• **Activity**
Transcribe, exactly and without pictures, the lines below from the line with "While all MNA-NB" to the line with "联合日报1月20日2026年", both ends included, and no others.

• **Stored data**
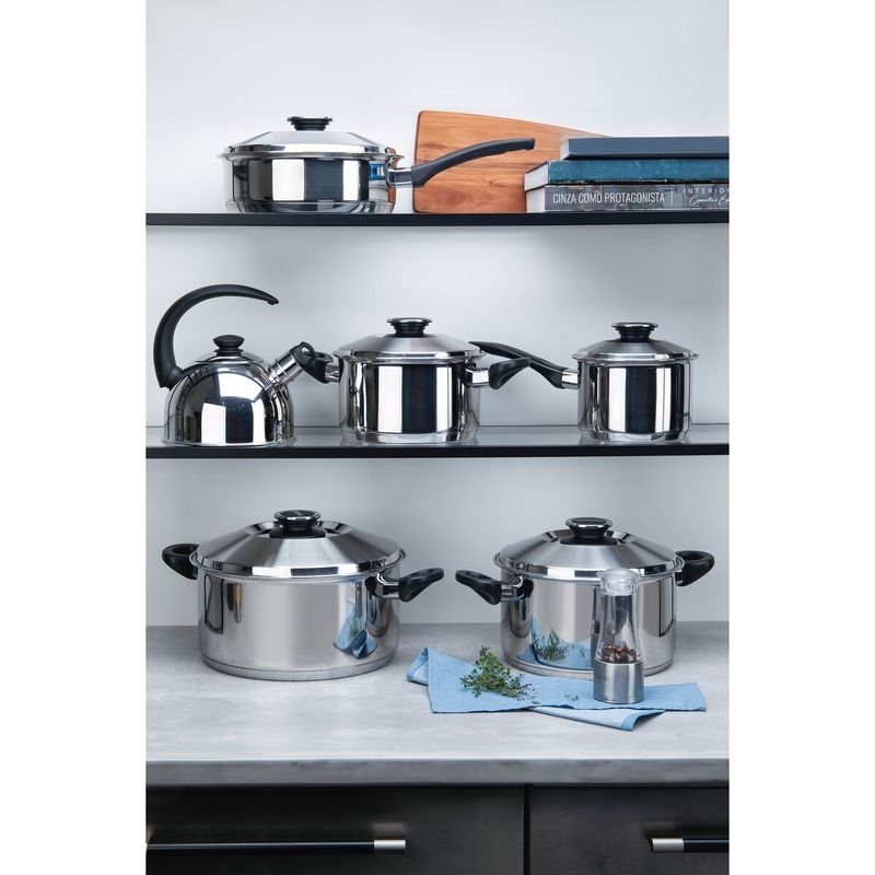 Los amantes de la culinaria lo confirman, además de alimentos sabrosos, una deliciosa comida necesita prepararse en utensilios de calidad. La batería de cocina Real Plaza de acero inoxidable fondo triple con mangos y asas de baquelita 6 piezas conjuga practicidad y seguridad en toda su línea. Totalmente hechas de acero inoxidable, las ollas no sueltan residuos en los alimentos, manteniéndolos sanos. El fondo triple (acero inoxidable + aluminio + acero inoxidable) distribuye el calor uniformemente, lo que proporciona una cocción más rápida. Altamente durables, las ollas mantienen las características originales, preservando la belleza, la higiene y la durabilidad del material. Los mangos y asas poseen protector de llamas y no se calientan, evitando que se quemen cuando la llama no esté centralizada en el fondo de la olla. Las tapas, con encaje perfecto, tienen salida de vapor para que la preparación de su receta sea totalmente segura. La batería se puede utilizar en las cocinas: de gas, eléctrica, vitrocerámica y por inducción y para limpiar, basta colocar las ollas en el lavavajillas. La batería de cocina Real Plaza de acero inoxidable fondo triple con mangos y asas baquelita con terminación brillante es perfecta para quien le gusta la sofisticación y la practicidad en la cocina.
* * *
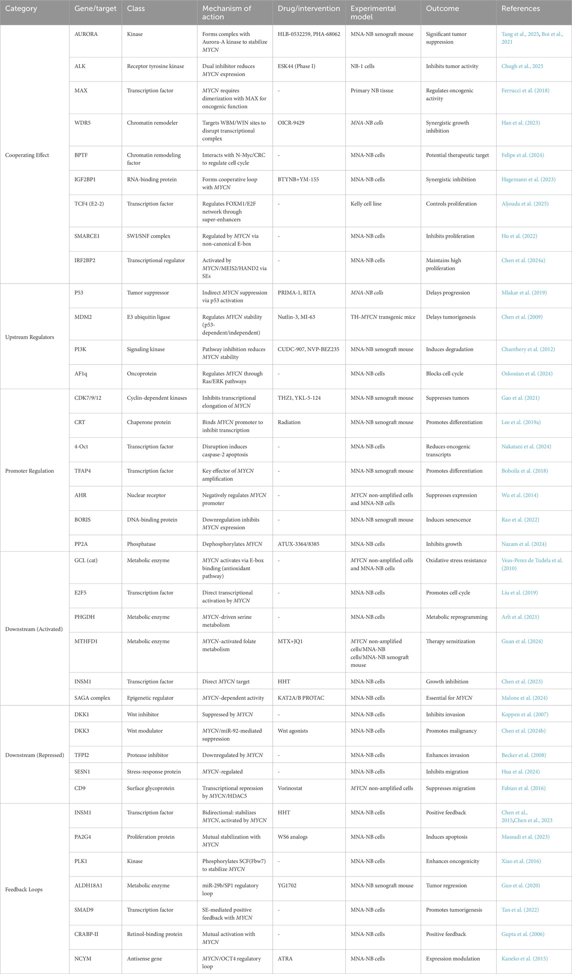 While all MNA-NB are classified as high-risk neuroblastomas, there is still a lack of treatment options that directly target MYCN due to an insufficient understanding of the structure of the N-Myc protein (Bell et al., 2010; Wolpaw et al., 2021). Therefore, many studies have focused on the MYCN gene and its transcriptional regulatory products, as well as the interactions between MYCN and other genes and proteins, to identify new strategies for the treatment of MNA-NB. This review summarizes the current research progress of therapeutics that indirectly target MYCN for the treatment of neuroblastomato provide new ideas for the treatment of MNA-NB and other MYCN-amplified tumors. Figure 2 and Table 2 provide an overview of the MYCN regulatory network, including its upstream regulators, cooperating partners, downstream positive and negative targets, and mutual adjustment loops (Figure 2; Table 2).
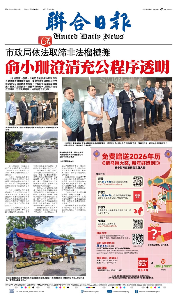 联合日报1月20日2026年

• **Answer for this exercise**
 While all MNA-NB are classified as high-risk neuroblastomas, there is still a lack of treatment options that directly target MYCN due to an insufficient understanding of the structure of the N-Myc protein (Bell et al., 2010; Wolpaw et al., 2021). Therefore, many studies have focused on the MYCN gene and its transcriptional regulatory products, as well as the interactions between MYCN and other genes and proteins, to identify new strategies for the treatment of MNA-NB. This review summarizes the current research progress of therapeutics that indirectly target MYCN for the treatment of neuroblastomato provide new ideas for the treatment of MNA-NB and other MYCN-amplified tumors. Figure 2 and Table 2 provide an overview of the MYCN regulatory network, including its upstream regulators, cooperating partners, downstream positive and negative targets, and mutual adjustment loops (Figure 2; Table 2).
 联合日报1月20日2026年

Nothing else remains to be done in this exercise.